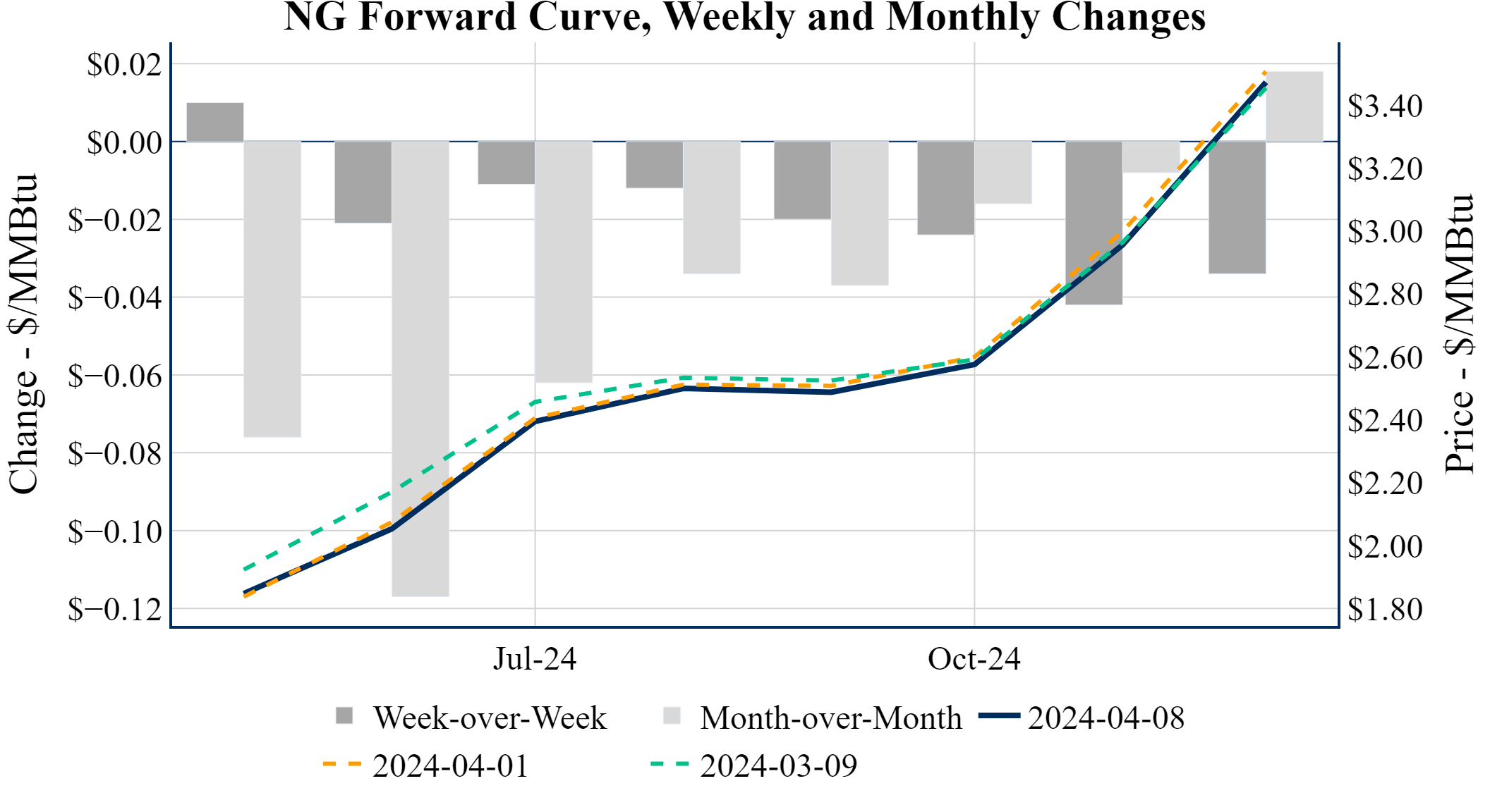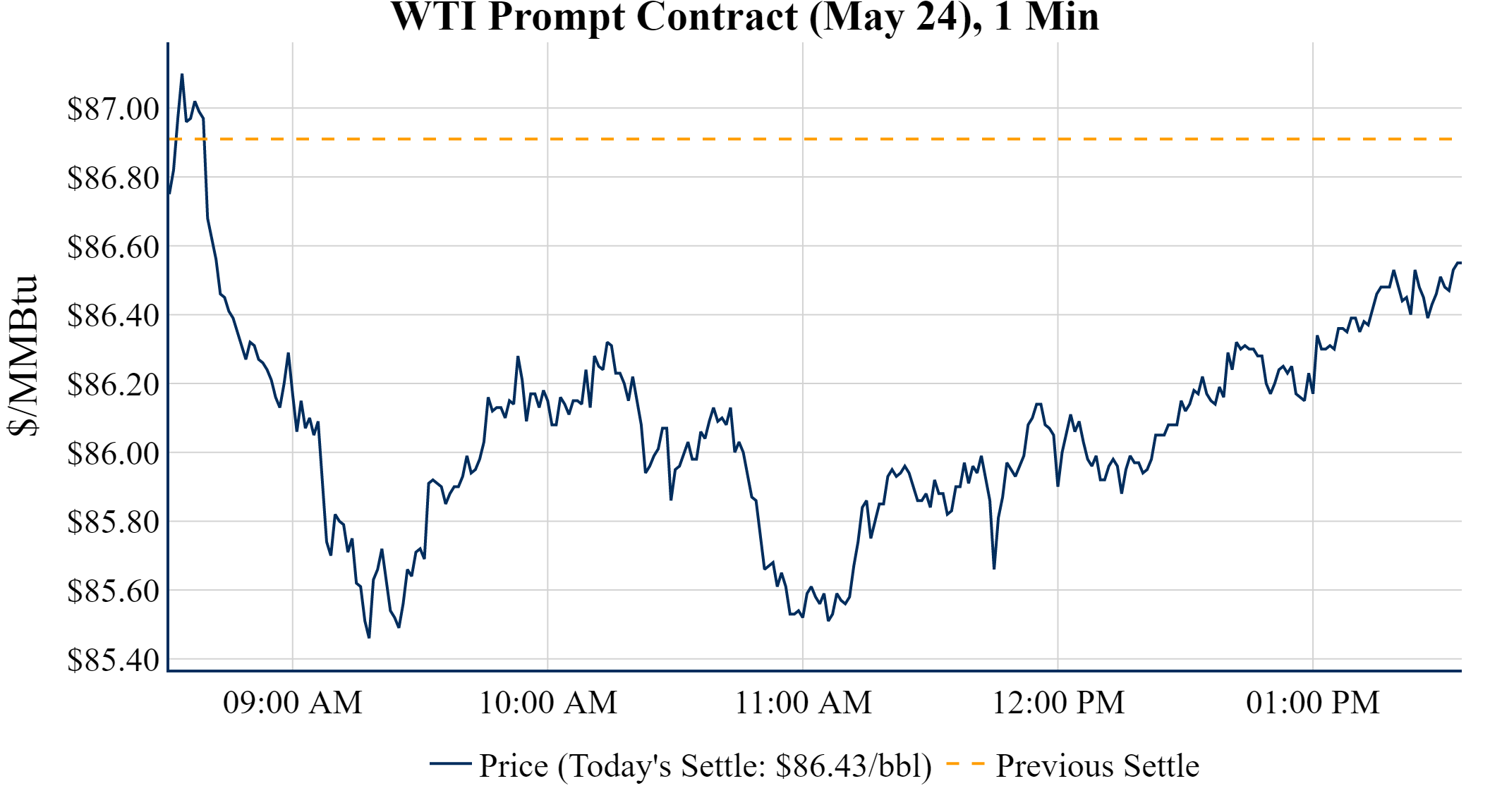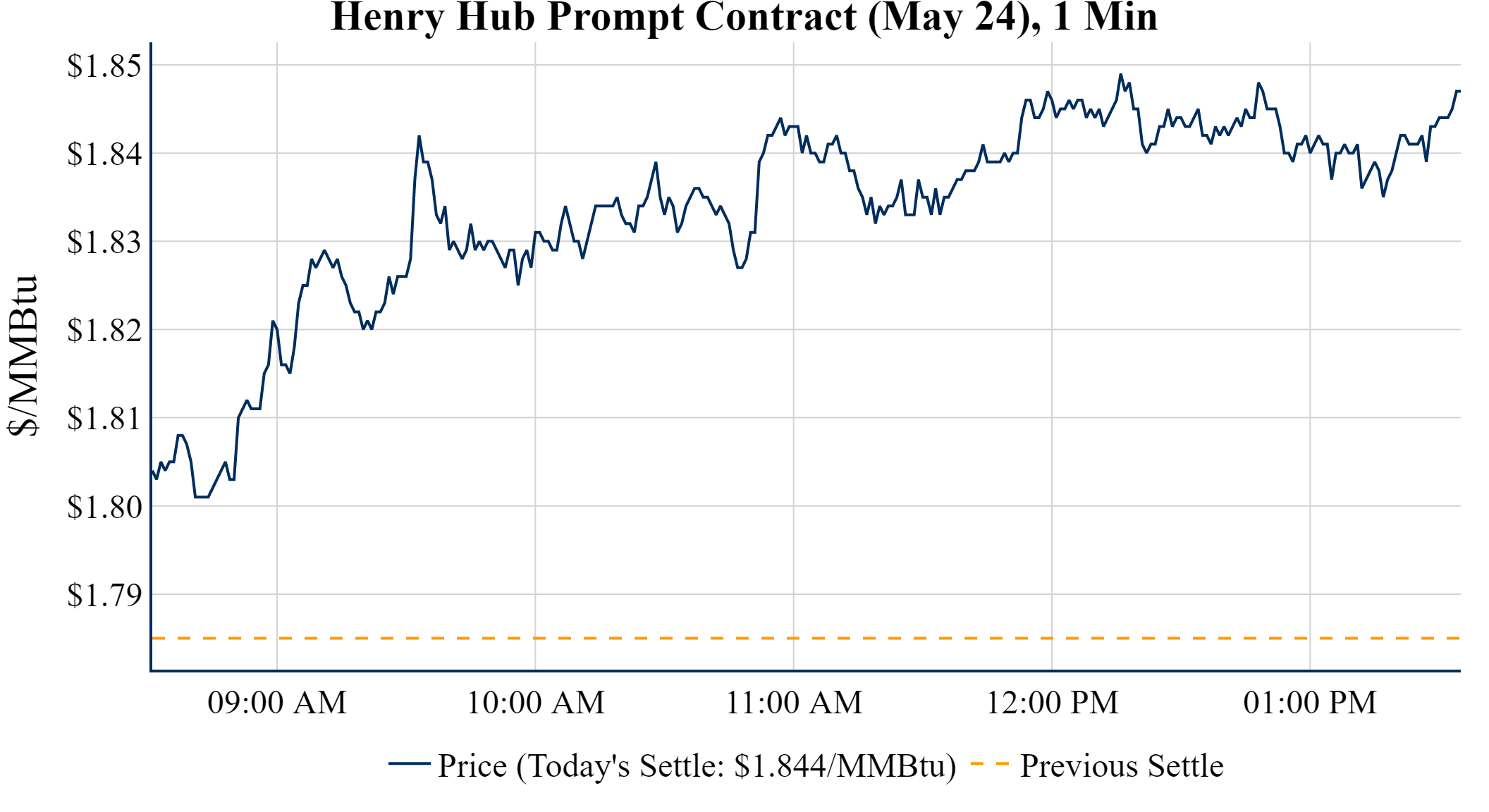 Prompt-Month Henry Hub (May 24) was up $0.059 on the day, to settle at $1.844Prompt-Month WTI (May 24) was down $-0.48 on the day, to settle at $86.43
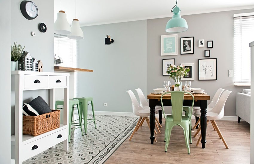 利用屋主喜爱的薄荷绿贯穿整个空间,不但极具个人特色,还充满了小清新的文艺气息。利用十分具有包容性的灰白色为空间的基底,似乎在灰白色的空间里任何色彩都不会显得突兀。薄荷绿色的餐椅,同色系的吊灯,靠垫,装饰画,通过一系列的点缀,让空间既整洁舒适又充满令人沁脾的气息。
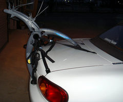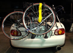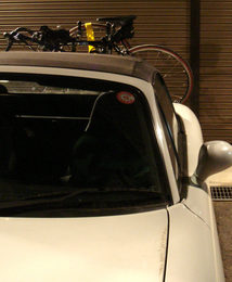 さすがにロードスターの幅ではフロントホイル外さないと車幅より出まくりで白黒の車に止められそうです。黄色い長いベルクロテープは、ボディ端から荷物が何センチだか出てるときには目印をつけないといけないというのをおぼろげに覚えているので、布旗のかわりにつけてます。ほんとは白だか赤だかをつけるんだっけか。まぁいいや。
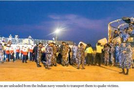 Indian naval ships arrive at Thilawa Port with rescue supplies
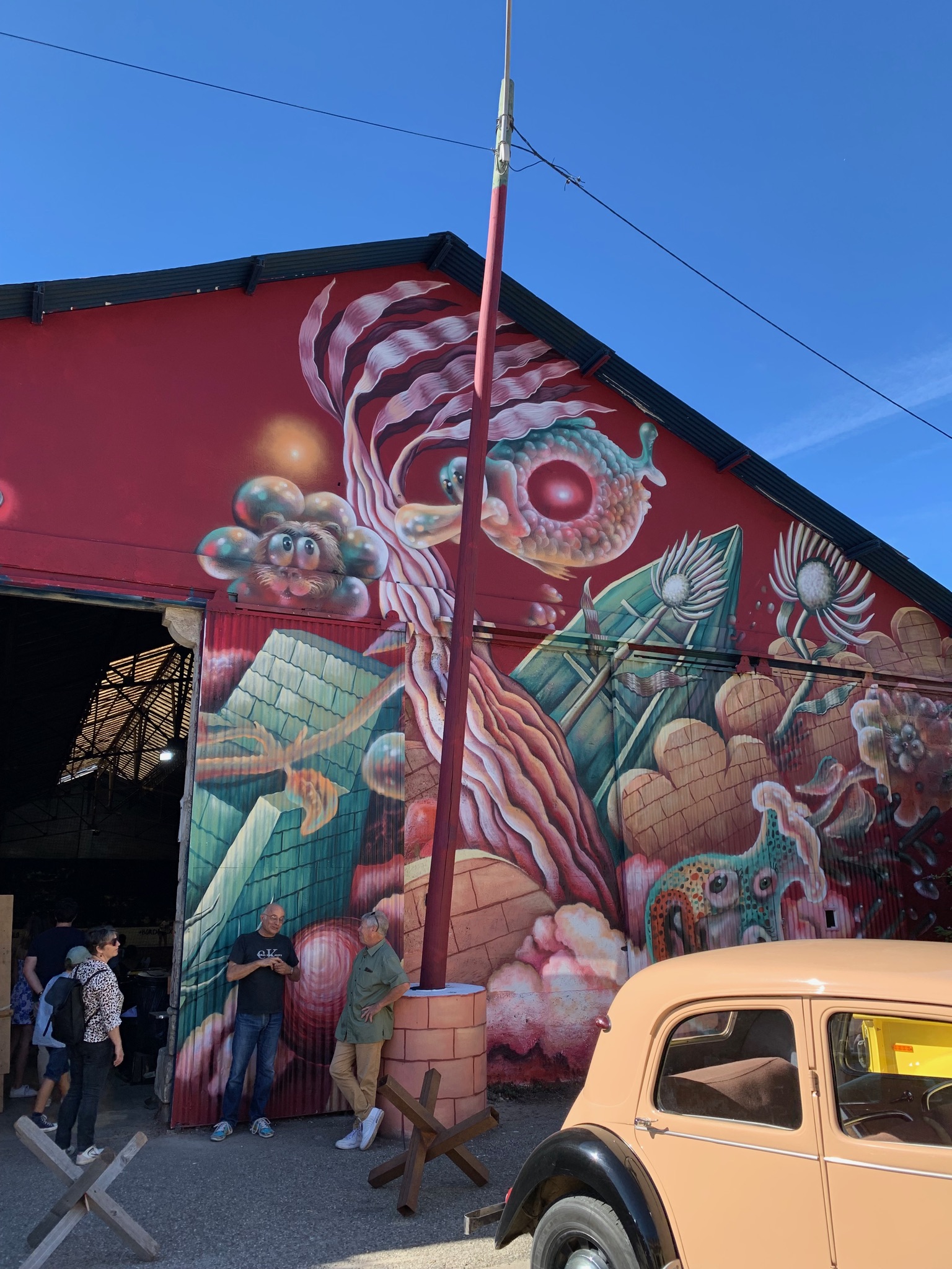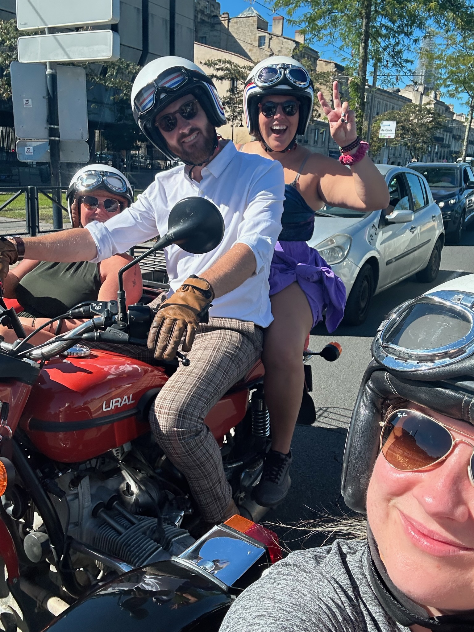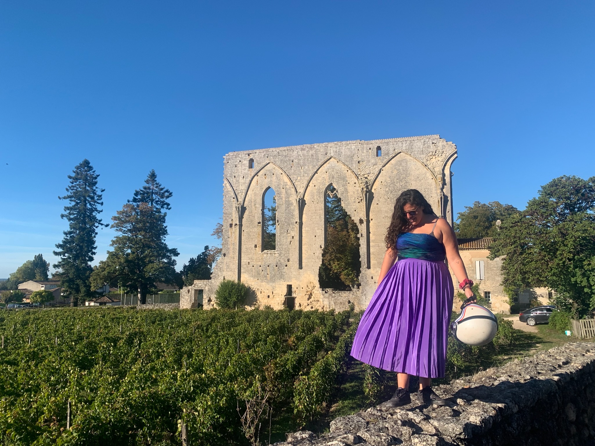In the morning, we wandered along the river Garonne and enjoyed the art and vintage shops in Fabrique Pola. After some jet lag miscommunication we were locked out of our airbnb. Thankfully I thrifted a skirt and scarf that I made into a top. We ate a crepe on the street and then hopped onto the motorcycles with our cute guides. They whisked us from the highway to the back roads lined with rows and rows of grapes sitting in the hills enjoying the late fall sun.

**PROBLEM DESCRIPTION:**
Every line from the start of the listing above through the line with "Indian naval ships" should be repeated exactly; skip the pictures and add nothing else.

**TASK ANSWER:**
 Prompt-Month Henry Hub (May 24) was up $0.059 on the day, to settle at $1.844Prompt-Month WTI (May 24) was down $-0.48 on the day, to settle at $86.43
 利用屋主喜爱的薄荷绿贯穿整个空间,不但极具个人特色,还充满了小清新的文艺气息。利用十分具有包容性的灰白色为空间的基底,似乎在灰白色的空间里任何色彩都不会显得突兀。薄荷绿色的餐椅,同色系的吊灯,靠垫,装饰画,通过一系列的点缀,让空间既整洁舒适又充满令人沁脾的气息。
 さすがにロードスターの幅ではフロントホイル外さないと車幅より出まくりで白黒の車に止められそうです。黄色い長いベルクロテープは、ボディ端から荷物が何センチだか出てるときには目印をつけないといけないというのをおぼろげに覚えているので、布旗のかわりにつけてます。ほんとは白だか赤だかをつけるんだっけか。まぁいいや。
 Indian naval ships arrive at Thilawa Port with rescue supplies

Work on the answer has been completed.